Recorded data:
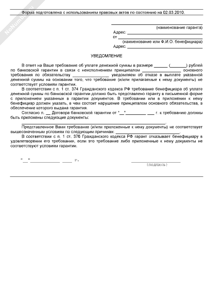 Уведомление гаранта об отказе от удовлетворения требований бенефициара в связи с тем, что требование либо приложенные к нему документы не соответствуют условиям гарантии (рекомендуемый образец заполнения)
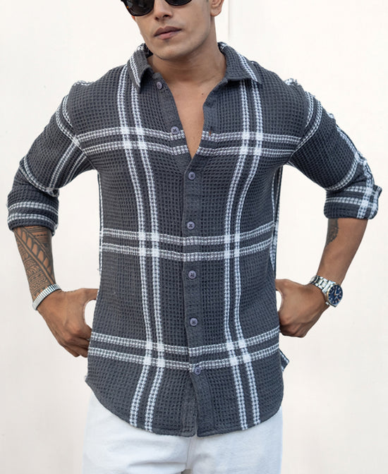 Grey Waffle Checks Regular fit Full Sleeves Shirt
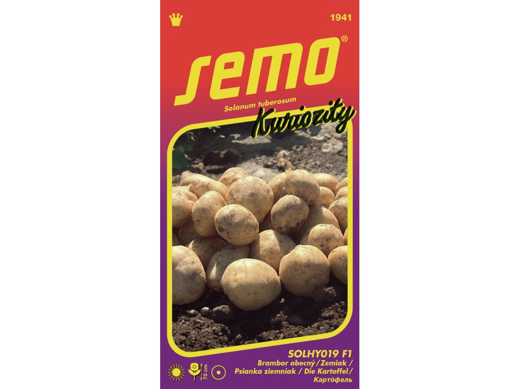 SolHY 012 F1 (kód 1941) – kolekce KURIOZITY - Co takhle vypěstovat brambory ze semínek – je tak trochu výzva pro zaryté zahrádkáře. Unikátní koncept pro malé zahrady a terasy, protože brambory můžeme zkusit vypěstovat přímo ve větší nádobě. Lze také pěstovat i ve volné půdě. Předpěstované sazenice vysazujeme v polovině května, kdy již nehrozí přízemní mrazíky. Technologie pěstování je pak shodná s pěstováním brambor ze sadby.
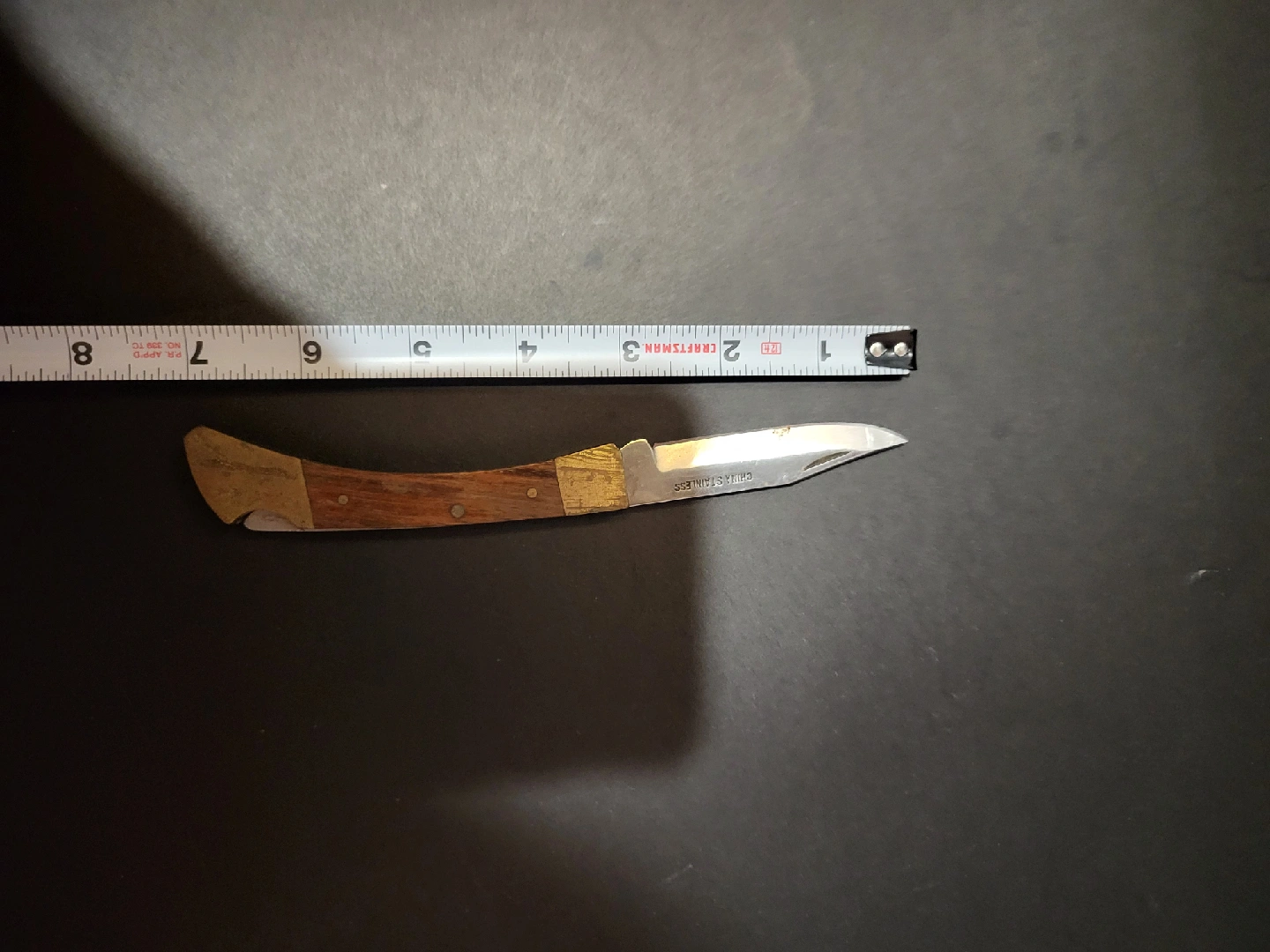 Selling a folding pocket knife. It has a wood handle and a stainless steel blade. Great for collectors or everyday use!
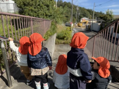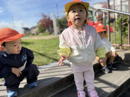 よいしょといつもの階段を1人で登ってニコニコなひよこ組さん🐣階段の先にあるポールにタッチして嬉しそうにしていました☺️
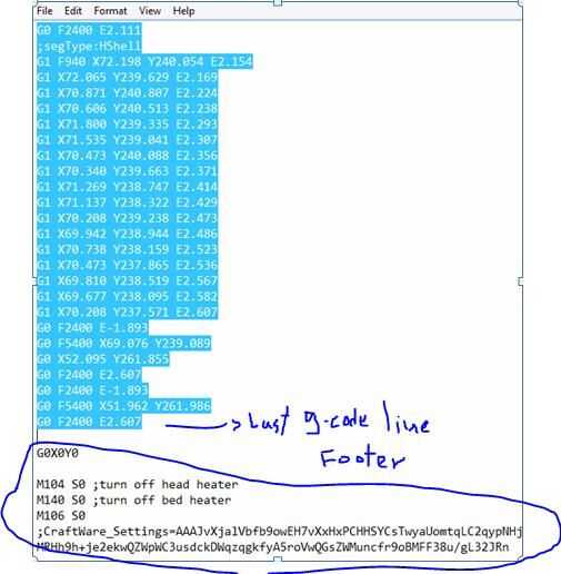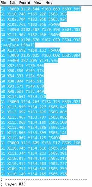 -A continuación, seleccione las líneas de "; Capa #35" a la última línea de código de g excepto la sección de pie de página que dice la impresora al inicio el estirador principal y enfriar todo. Para seleccionar las líneas más rápidamente, mantenga pulsado shift, desplácese hacia abajo y haga clic en derecha junto al último número de la línea final. Una vez hayas seleccionado parte 2 líneas de código, eliminar de golpe y guarde el archivo como: Part1.gcode
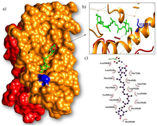 Molecular coupling of the lutein ligand (green) with the RBD results in a binding free energy of −8.7 kcal/mol ((a) site of interaction of the protein-ligand complex; (b) 3D conformation of the lutein binding site with the spike/ACE2 complex and (c) 2D scheme showing hydrogen bonds (green) and hydrophobic interactions (black)).
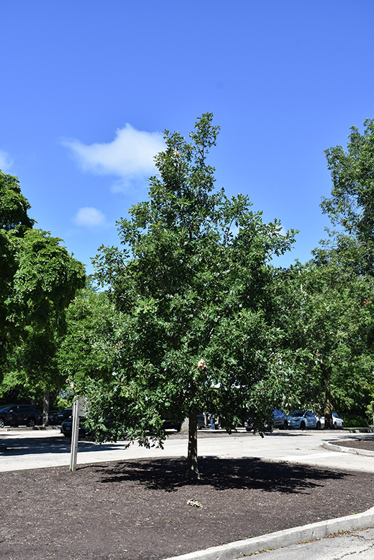 Schuette's Oak has dark green deciduous foliage on a tree with a pyramidal habit of growth. The glossy lobed leaves turn coppery-bronze in fall. However, the fruit can be messy in the landscape and may require occasional clean-up.
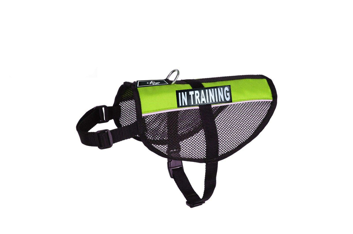 Q: What sizes does the in Training Service Dog mesh Vest Harness come in?A: The in Training Service Dog mesh Vest Harness is available for dogs with a girth measurement between 21-24 inches, making it suitable for small to medium-sized dogs.
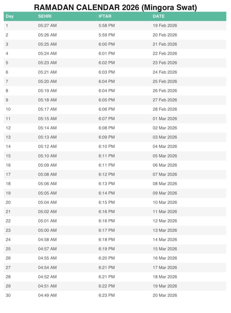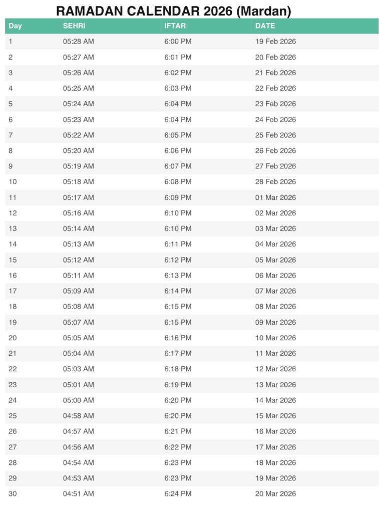 One of the most important aspects of Ramadan fasting is starting and ending the fast at the correct times. The KPK Ramadan Calendar 2026 helps individuals avoid confusion by providing verified daily timings.
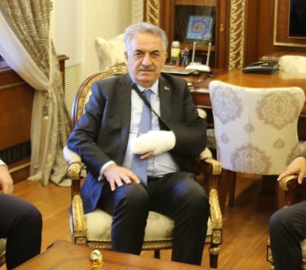 Hayati Yazıcı, aniden önüne çıkan otomobile çarpmamak için şoförünün sert fren yaptığı makam aracında, elinden yaralandı.
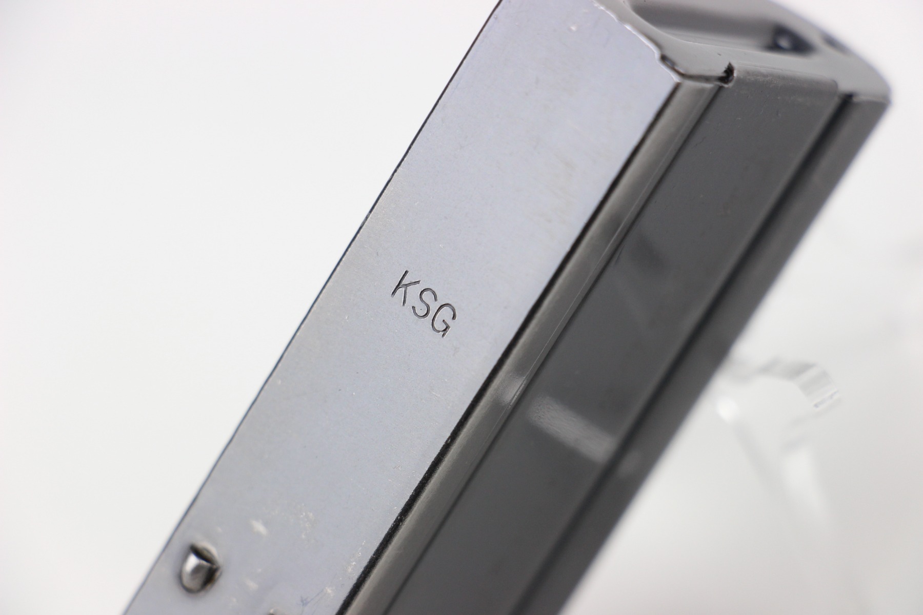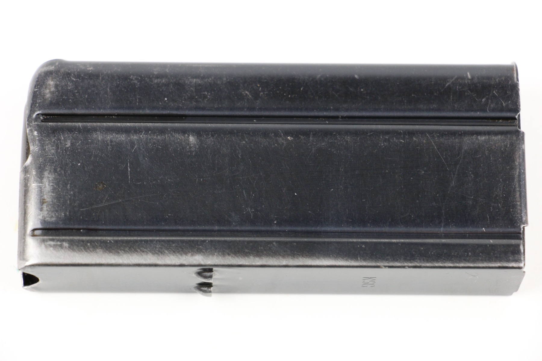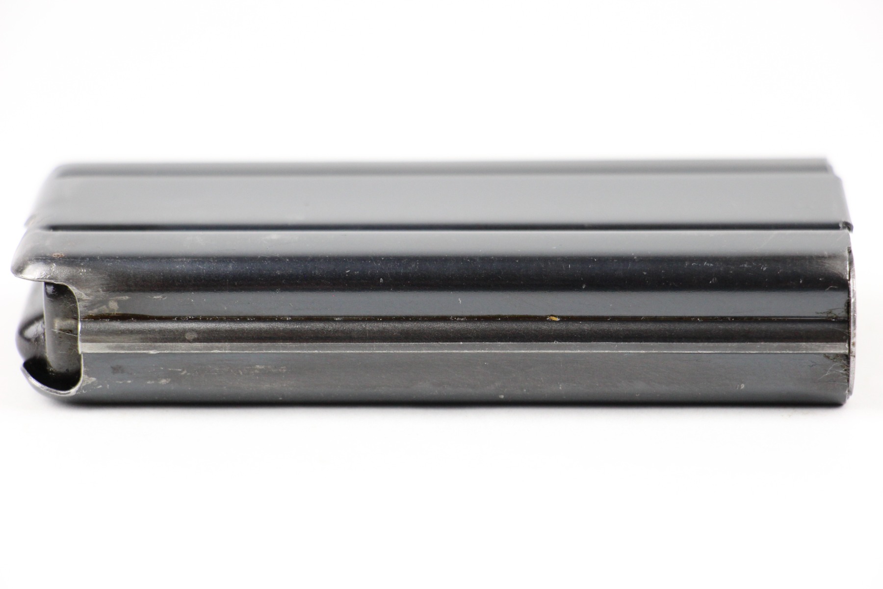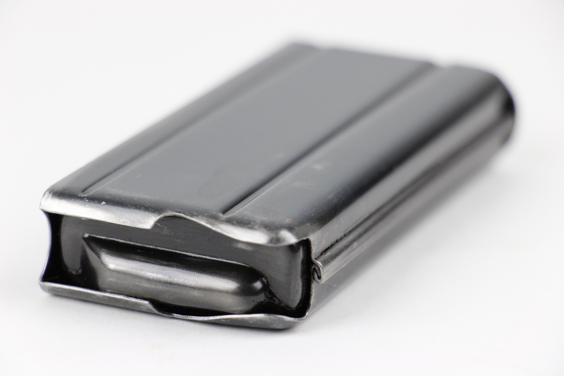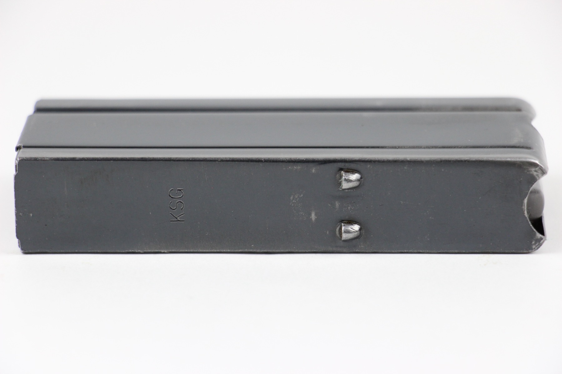 5/6/24 – This is an original WW2 era M1 Carbine rifle magazine. Holds 15 rounds of .30 caliber ammunition. The magazine is in near excellent condition with all original finish and minimal finish loss. Strong, fully functional spring. The spine is maker stamped with an upside down “KSG”. Type 5 magazine base indicates late-wartime production.
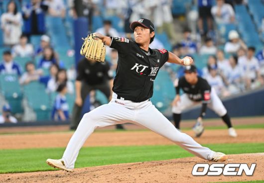 [OSEN=대구, 이석우 기자] 15일 대구삼성라이온즈파크에서 2025 신한 SOL 뱅크 KBO 리그 삼성 라이온즈와 KT 위즈의 경기가 열렸다. 홈팀 삼성은 최원태가, 방문팀 KT는 고영표가 선발 출전했다. KT 위즈 전용주가 역투하고 있다. 2025.06.15 / foto0307@osen.co.kr
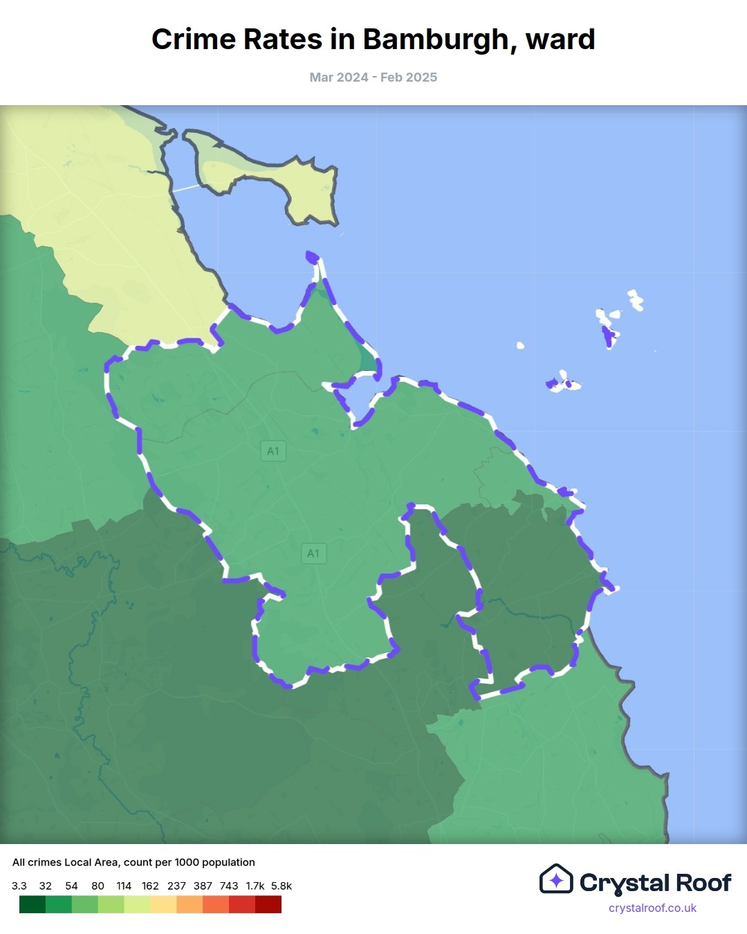 Bamburgh, (ward) includes areas with the following crime ratings (see map):
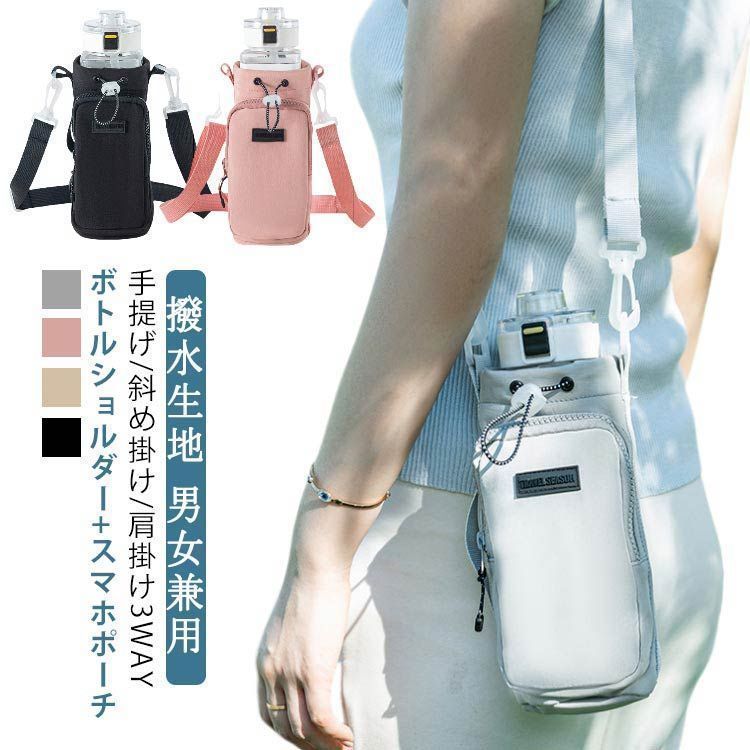 ペットボトルホルダー 水筒カバー スマホポーチ ナイロン 撥水 3 way 斜め掛け スマホ 収納ポーチ 水筒ホルダー 水筒ケース 500 ml 1000 ストラップ タンブラー 長さ調節 ショル kkk 07022

What to do: Leave out the pictures, then give all the records again exactly.

Solution to this task:
 Уведомление гаранта об отказе от удовлетворения требований бенефициара в связи с тем, что требование либо приложенные к нему документы не соответствуют условиям гарантии (рекомендуемый образец заполнения)
 Grey Waffle Checks Regular fit Full Sleeves Shirt
 SolHY 012 F1 (kód 1941) – kolekce KURIOZITY - Co takhle vypěstovat brambory ze semínek – je tak trochu výzva pro zaryté zahrádkáře. Unikátní koncept pro malé zahrady a terasy, protože brambory můžeme zkusit vypěstovat přímo ve větší nádobě. Lze také pěstovat i ve volné půdě. Předpěstované sazenice vysazujeme v polovině května, kdy již nehrozí přízemní mrazíky. Technologie pěstování je pak shodná s pěstováním brambor ze sadby.
 Selling a folding pocket knife. It has a wood handle and a stainless steel blade. Great for collectors or everyday use!
 よいしょといつもの階段を1人で登ってニコニコなひよこ組さん🐣階段の先にあるポールにタッチして嬉しそうにしていました☺️
 -A continuación, seleccione las líneas de "; Capa #35" a la última línea de código de g excepto la sección de pie de página que dice la impresora al inicio el estirador principal y enfriar todo. Para seleccionar las líneas más rápidamente, mantenga pulsado shift, desplácese hacia abajo y haga clic en derecha junto al último número de la línea final. Una vez hayas seleccionado parte 2 líneas de código, eliminar de golpe y guarde el archivo como: Part1.gcode
 Molecular coupling of the lutein ligand (green) with the RBD results in a binding free energy of −8.7 kcal/mol ((a) site of interaction of the protein-ligand complex; (b) 3D conformation of the lutein binding site with the spike/ACE2 complex and (c) 2D scheme showing hydrogen bonds (green) and hydrophobic interactions (black)).
 Schuette's Oak has dark green deciduous foliage on a tree with a pyramidal habit of growth. The glossy lobed leaves turn coppery-bronze in fall. However, the fruit can be messy in the landscape and may require occasional clean-up.
 Q: What sizes does the in Training Service Dog mesh Vest Harness come in?A: The in Training Service Dog mesh Vest Harness is available for dogs with a girth measurement between 21-24 inches, making it suitable for small to medium-sized dogs.
 One of the most important aspects of Ramadan fasting is starting and ending the fast at the correct times. The KPK Ramadan Calendar 2026 helps individuals avoid confusion by providing verified daily timings.
 Hayati Yazıcı, aniden önüne çıkan otomobile çarpmamak için şoförünün sert fren yaptığı makam aracında, elinden yaralandı.
 5/6/24 – This is an original WW2 era M1 Carbine rifle magazine. Holds 15 rounds of .30 caliber ammunition. The magazine is in near excellent condition with all original finish and minimal finish loss. Strong, fully functional spring. The spine is maker stamped with an upside down “KSG”. Type 5 magazine base indicates late-wartime production.
 [OSEN=대구, 이석우 기자] 15일 대구삼성라이온즈파크에서 2025 신한 SOL 뱅크 KBO 리그 삼성 라이온즈와 KT 위즈의 경기가 열렸다. 홈팀 삼성은 최원태가, 방문팀 KT는 고영표가 선발 출전했다. KT 위즈 전용주가 역투하고 있다. 2025.06.15 / foto0307@osen.co.kr
 Bamburgh, (ward) includes areas with the following crime ratings (see map):
 ペットボトルホルダー 水筒カバー スマホポーチ ナイロン 撥水 3 way 斜め掛け スマホ 収納ポーチ 水筒ホルダー 水筒ケース 500 ml 1000 ストラップ タンブラー 長さ調節 ショル kkk 07022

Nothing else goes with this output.